Furthermore, Verwoert also argues that Beuys’s practice of speaking publicly ‘should be treated not as a metadiscourse on his art but as an artistic medium sui generis’.16 As seen in the reception of APG’s activities (see Chapter 6), in the 1970s it was not yet possible to conceptualise public discussion as an artistic activity.17 Beuys himself seemed to reinforce this impression that discussion was not a didactic medium, but a more immediate, quasi-spiritual mode of communication: ‘I want to get to the origin of the matter, to the thought behind it. . . In the simplest terms, I am trying to reaffirm the concept of art and creativity in the face of Marxist doctrine.18 Today, we can recognize not just speech, but also teaching as an artistic medium.  If Beuys drew a conceptual line between his output as a sculptor and his discursive/pedagogic work, many contemporary artists see no fundamental distinction between these categories. Programming events, seminars and discussions (and the alternative institutions that might result from these) can all be regarded as artistic outcomes in exactly the same way as the production of discrete objects, performances and projects.  At the same time, pedagogic art raises a persistent set of epistemological problems for the art historian and critic: What does it mean to do education (and programming) as art?  How do we judge these experiences?  What kind of efficacy do they seek? Do we need to experience them first hand in order to comment on them?

Such questions can also be asked of most long-term art projects with activist or therapeutic goals, but the ambiguous status of pedagogic projects seems even more pressing for those of us already engaged in institutional education.  I began writing this chapter when working at Warwick University where the question of criteria of judgement in relation to academic activities had become crushingly remote from the motivation that first led me into this profession.19  When I encountered artists speaking of education in creative an liberatory terms, it seemed perplexing, if not willfully misguided: for me, the university was one of the most bureaucratic and stiflingly uncreative environments I had ever encountered.  At the same time, I was sympathetic towards the disciplinary reorientation I was witnessing: artists seems to be moving a ‘relational’ practice (in which open-endend conviviality was sufficient evidence of social engagement) towards discursive situations with high-level intellectual content.  As an outsider, however, I was often dissatisfied with the visual and conceptual rewards of these projects.  When I found projects I liked and respected, I had no idea how to communicate them to others: their dominant goal seemed to be the production of a dynamic experience for participants, rather than the production of complex artistic forms.
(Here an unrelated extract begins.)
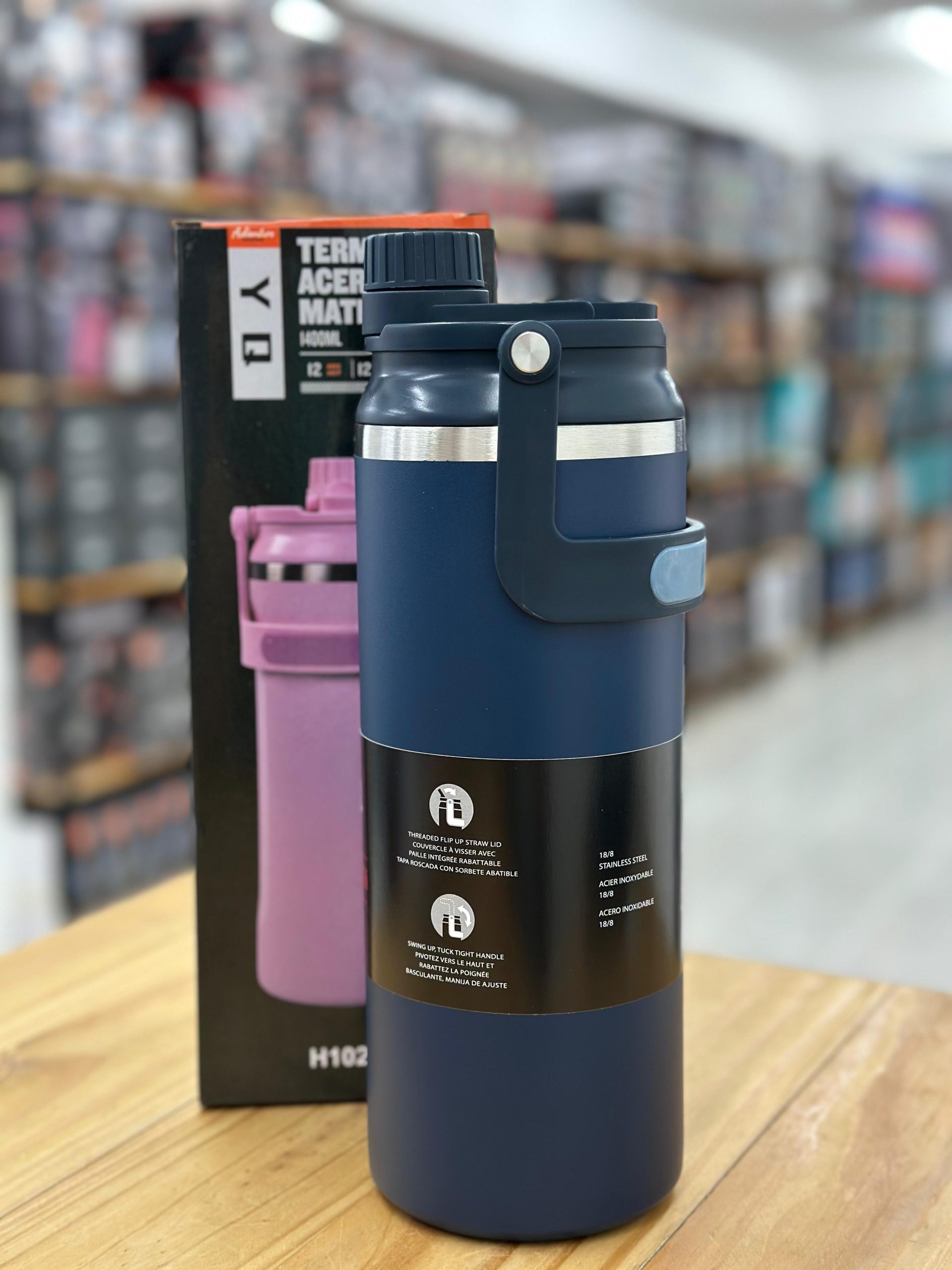 Botella de agua reutilizable de 1.4 litros, ideal para deporte, gimnasio o el día a día. Fabricada en plástico resistente y libre de BPA. Oferta por reingreso de stock.

The spectatorial implications of art becoming education are therefore a recurrent theme in the following case studies I have chosen to focus on: Tania Bruguera, Paul Chan, Pawel Althamer and Thomas Hirschhorn. Each presents a different approach to this problem of spectatorship in relation to the pedagogic task, and show the advances that have taken place in both project-based work and its documentation since ‘Culture in Action’ (1993, discussed in Chapter 7). I have necessarily presented these projects in a more narrative, subjective voice than my examples in previous chapters.

I. Useful Art

The first, and perhaps longest running, pedagogic project of the 2000s was Cátedra Arte de Conducta (2002-9): an art school conceived as a work of art by Cuban artist Tania Bruguera (b. 1968).  Based at her home in Havana Vieja and run with the help of two staff, it was dedicated to providing a training in political and contextual art for art students in Cuba.  Bruguera established Arte de Conducta (or ‘behaviour art’)at the end of 2002, after returning to her country from participating Documenta 11 with a sense of dissatisfaction at the limitations of creating artistic experiences for viewers.  Instead she wished to make a concrete contribution to theart scene in Cuba, partly in response to its lack of institutional facilities and exhibition infrastructure, and partly in response to ongoing state restrictions on Cuban citizens’ travel and access to information.  A third factor was the recent and rapid assumption of Cuban art by US tourists in the wake of 2000 Havana Biennial, in which young artists had found their work bought up wholesale and rapidly integrated into a Western market over which they had no control.20 One of the aims of Bruguera’s project was therefore to train a new generation of artists to deal self-reflexively with this situation, mindful of a global market while producing art that addressed their local context.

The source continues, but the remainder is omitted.